The effects of antibiotics on menstruation are not completely certain, although some research has been conducted in the past in an attempt to determine if antibiotics affect the menstrual cycle. Many women who take antibiotics notice no differences in their menstrual cycles, while other women have noticed changes that they assume are the result of antibiotic use. The possible effects of antibiotics on menstruation may not be related to the antibiotics themselves, but rather to the infections that antibiotics are used to treat. Some women think that antibiotics cause heavier bleeding, delayed menstruation onset, and more severe cramping than normal, but these problems could be caused by infections, particularly if the infections involve the female reproductive system.
In the late 1940s, two British medical specialists did a study on the effects of penicillin, which is a type of antibiotic, on several women to see how it affected their menstrual cycles, if at all. Their findings were inconclusive, although several women who participated in the study did report some changes, including severe cramping and heavier bleeding than normal. Some women also noticed differences in when menstruation started and how long it lasted. Even though many women did notice differences, there were many women who did not, which may be why the study did not reveal much about the effects of antibiotics on menstruation.
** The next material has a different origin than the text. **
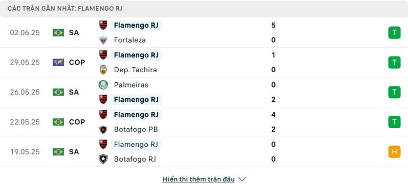 5 trận gần nhất của Flamengo: W-W-W-W-D

There are several infections that occur in the reproductive system that antibiotics may be used to treat, and these infections might cause changes in menstruation. Some things that antibiotics are occasionally used for in women include vaginal infections and uterine infections. Antibiotics are also occasionally prescribed for certain types of yeast infections. Women who notice changes in their menstrual cycles who have infections inside their reproductive systems are most likely experiencing changes because of the nature of their infections rather than from the antibiotics themselves.
Even though the effects of antibiotics on menstruation are more than likely related to different types of infections rather than to antibiotics, any unusual changes should be reported to a physician. There is always a chance that certain antibiotics could cause changes inside the body that might affect the menstrual cycle. If changes in the cycle are very unusual and severe, a doctor may be able to help. If a doctor suspects that antibiotics are causing problems with menstruation, she will probably attempt to find another antibiotic to prescribe that her patient may not be as sensitive to.